Dans ce cadre, le juge judiciaire, et particulièrement la Cour de cassation et son parquet général, exercent leur office à l’occasion de l’examen des questions prioritaires de constitutionnalité et des pourvois dont ils sont saisis, relatifs notamment au délit de violation répétée des règles du confinement et au régime des prolongations de détention provisoire institué par l’article 16 de l’ordonnance du 25 mars 2020 portant adaptation des règles de procédure pénale. Ils exercent leur office à travers le contrôle de légalité des textes attaqués, au regard notamment du respect des principes fondamentaux d’égalité devant la loi et de proportionnalité.

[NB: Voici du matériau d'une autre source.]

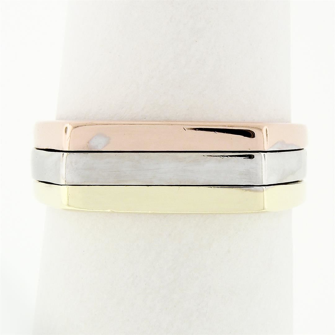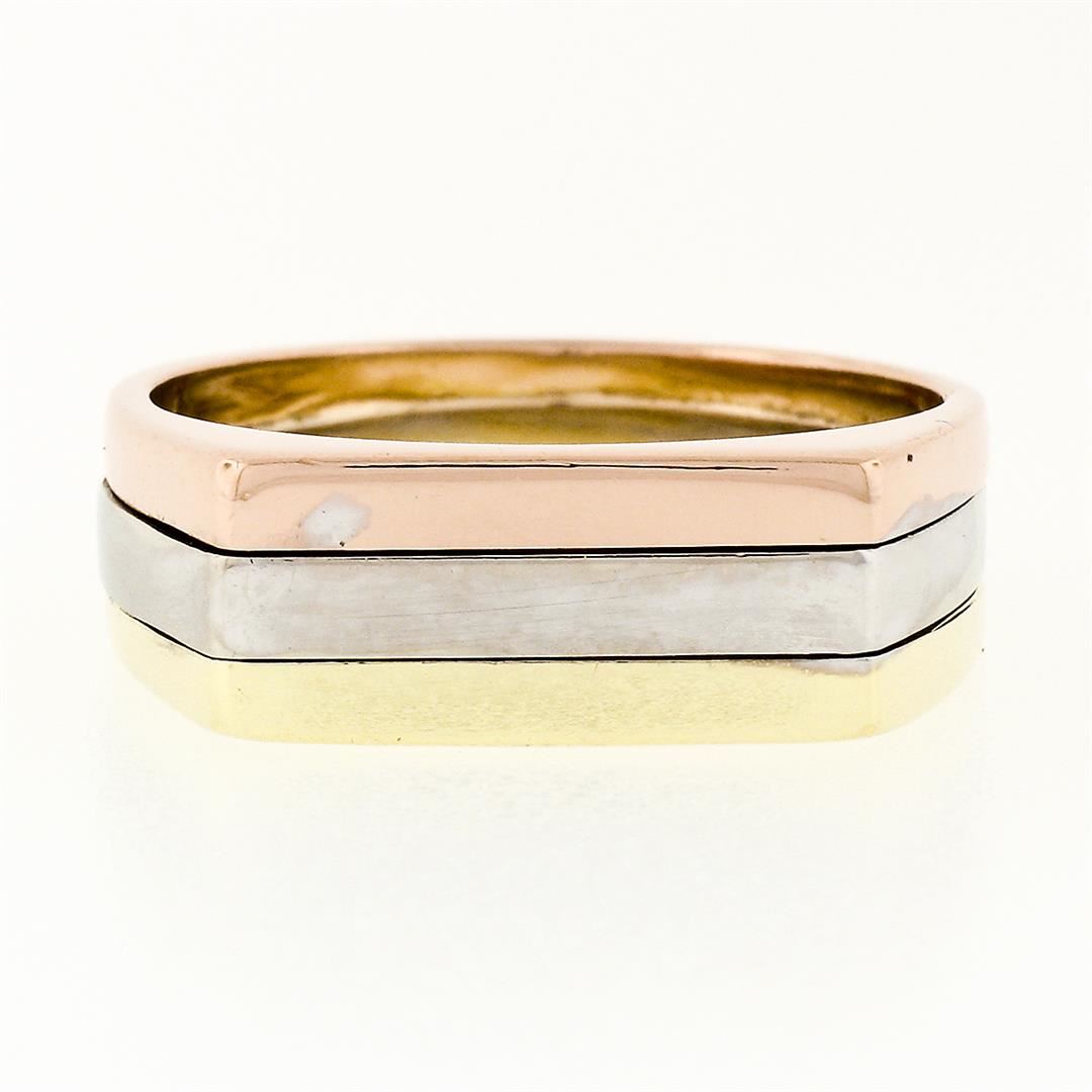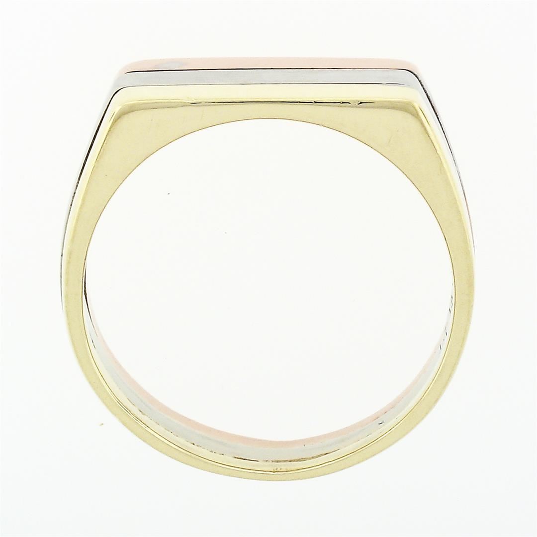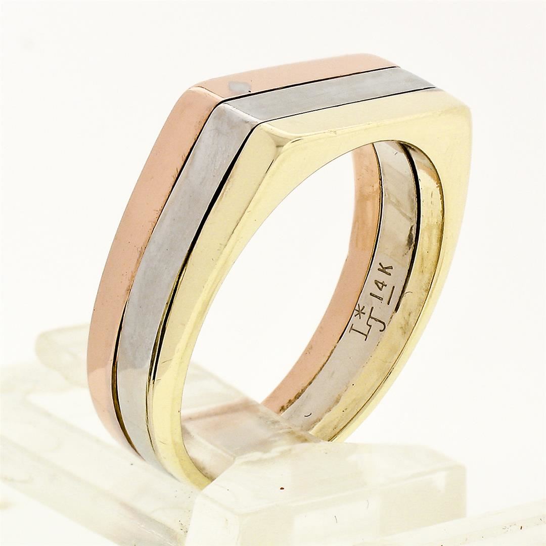 A vintage solid 14k tri color band ring. The ring is size 6.5, weighs a total of 5.60 grams, and measures 6.10mm wide.

La fi n du confinement, qui débute aujourd’hui, 11 mai 2020, signifie la reprise progressive de l’activité dans chaque juridiction. Dans ce contexte, il est essentiel de donner du sens à notre action collective et d’y instiller de l’intelligence et de l’ambition afin de permettre l’exercice optimal des missions de la justice. L’état d’urgence a rendu en effet plus que jamais essentiel le besoin de régulation sociale et indispensable le rôle du juge en sa qualité de gardien de la liberté individuelle. Il y a donc un intérêt majeur à retrouver le plus vite possible toute notre capacité à juger les affaires restées en suspens.

Cela impose que nous retrouvions le sens de la concorde, particulièrement absente ces dernières semaines au vu des nombreuses polémiques qui ont agité le monde de la justice.

Cela impose l’aboutissement rapide des réformes de fond et particulièrement du statut du parquet indispensable à l’équilibre de notre procédure pénale, et dont l’adoption honorerait nos responsables politiques. Cela impose l’adoption de mesures structurelles pour préserver la profession d’avocat et trouver pour celle-ci un modèle économique durable, viable et permettant d’assurer l’exercice digne et efficace d’une défense de qualité dans notre pays.

Cela impose aussi de donner davantage de moyens à la justice dont l’état d’urgence sanitaire a souligné de nouveau à quel point ils étaient insuffisants.

Cela impose enfin que nous nous rassemblions, magistrats, fonctionnaires de justice et avocats, autour des valeurs que nous partageons, celles d’indépendance, de probité, de protection du secret professionnel et du respect dû ensemble à l’institution judiciaire, qui constitue notre bien commun.